[Records contained in a dataset]
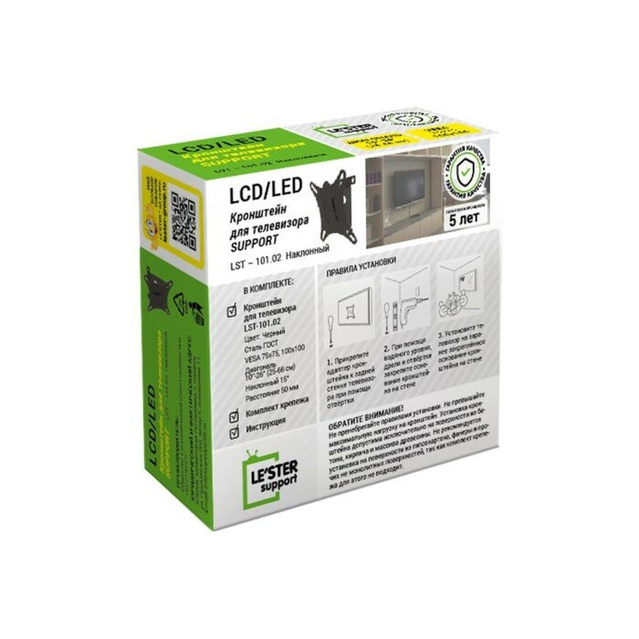 Купить Кронштейн LE'STER LST-101.02, для ТВ, наклонный, 10"-32", 50 мм от стены, черный
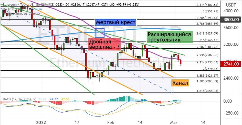 В случае роста стоимости альткоина выше $3 000, где проходит верхняя граница модели теханализа «Расширяющийся треугольник» (на графике ниже ее границы отмечены линиями зеленого цвета), стоит ожидать восстановления восходящего тренда. Он позволит эфиру достичь целей $3 100, $3 270 и $3 430, где также расположена линия 200-дневной SMA.
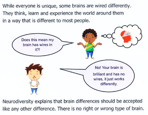 Neuro means brain, diversity means different. Every one of us has a different brain and thinks in a slightly different way. It is really important that we understand that everyone is different and those differences are what makes us all so special. It’s something to be celebrated!
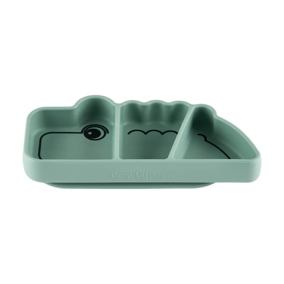 Gør mellemmåltiderne sjove med Croco snack tallerken. Den smarte stick & stay funktion sikrer, at tallerkenen står fast. De tre opdelte rum er perfekt til at adskille maden. Pres let på tallerkenen, så den suger sig fast til en glat overflade ved hjælp af naturligt vakuum, og forhindrer de små i at løfte eller tippe den. Hiv op i flappen under Croco’s hale for at ophæve suge funktionen.
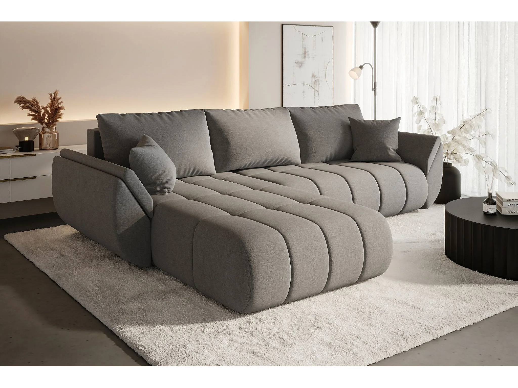 Hoekbank met slaapfunctie en opbergvak TOKYO PREMIUM, stof WIND, bruingrijs, links
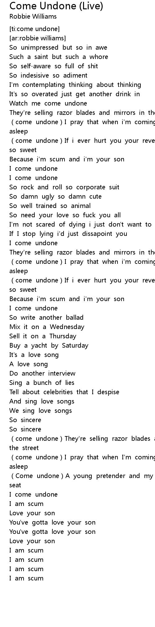 | [02:04.249] | come undone If i ever hurt you your revenge would be so sweet |
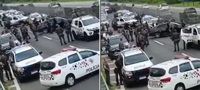 A abordagem ocorreu na Rodovia Padre Manoel da Nóbrega, na divisa entre Mongaguá e Praia Grande. Durante a intervenção, houve disparos por parte da equipe policial, “diante de situação de risco”, conforme informou a pasta.
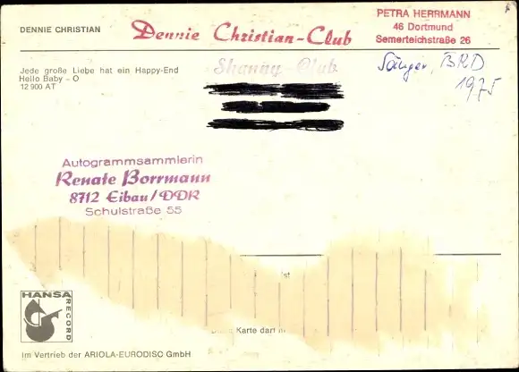 Ak Sänger Dennie Christian, Portrait, Autogramm
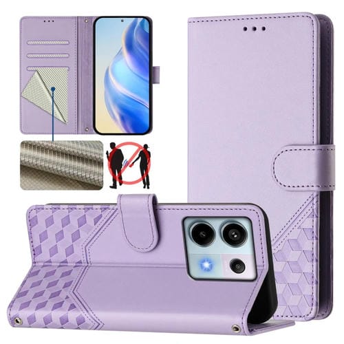 Funda de Cuero Rfid con Relieve de Panal para Xiaomi Poco X6 5G (Morado Claro)

• WHAT THIS TASK INVOLVES:
Print the entries above exactly, taking out only the pictures.

• RESPONSE TO THE EXERCISE:
 Купить Кронштейн LE'STER LST-101.02, для ТВ, наклонный, 10"-32", 50 мм от стены, черный
 В случае роста стоимости альткоина выше $3 000, где проходит верхняя граница модели теханализа «Расширяющийся треугольник» (на графике ниже ее границы отмечены линиями зеленого цвета), стоит ожидать восстановления восходящего тренда. Он позволит эфиру достичь целей $3 100, $3 270 и $3 430, где также расположена линия 200-дневной SMA.
 Neuro means brain, diversity means different. Every one of us has a different brain and thinks in a slightly different way. It is really important that we understand that everyone is different and those differences are what makes us all so special. It’s something to be celebrated!
 Gør mellemmåltiderne sjove med Croco snack tallerken. Den smarte stick & stay funktion sikrer, at tallerkenen står fast. De tre opdelte rum er perfekt til at adskille maden. Pres let på tallerkenen, så den suger sig fast til en glat overflade ved hjælp af naturligt vakuum, og forhindrer de små i at løfte eller tippe den. Hiv op i flappen under Croco’s hale for at ophæve suge funktionen.
 Hoekbank met slaapfunctie en opbergvak TOKYO PREMIUM, stof WIND, bruingrijs, links
 | [02:04.249] | come undone If i ever hurt you your revenge would be so sweet |
 A abordagem ocorreu na Rodovia Padre Manoel da Nóbrega, na divisa entre Mongaguá e Praia Grande. Durante a intervenção, houve disparos por parte da equipe policial, “diante de situação de risco”, conforme informou a pasta.
 Ak Sänger Dennie Christian, Portrait, Autogramm
 Funda de Cuero Rfid con Relieve de Panal para Xiaomi Poco X6 5G (Morado Claro)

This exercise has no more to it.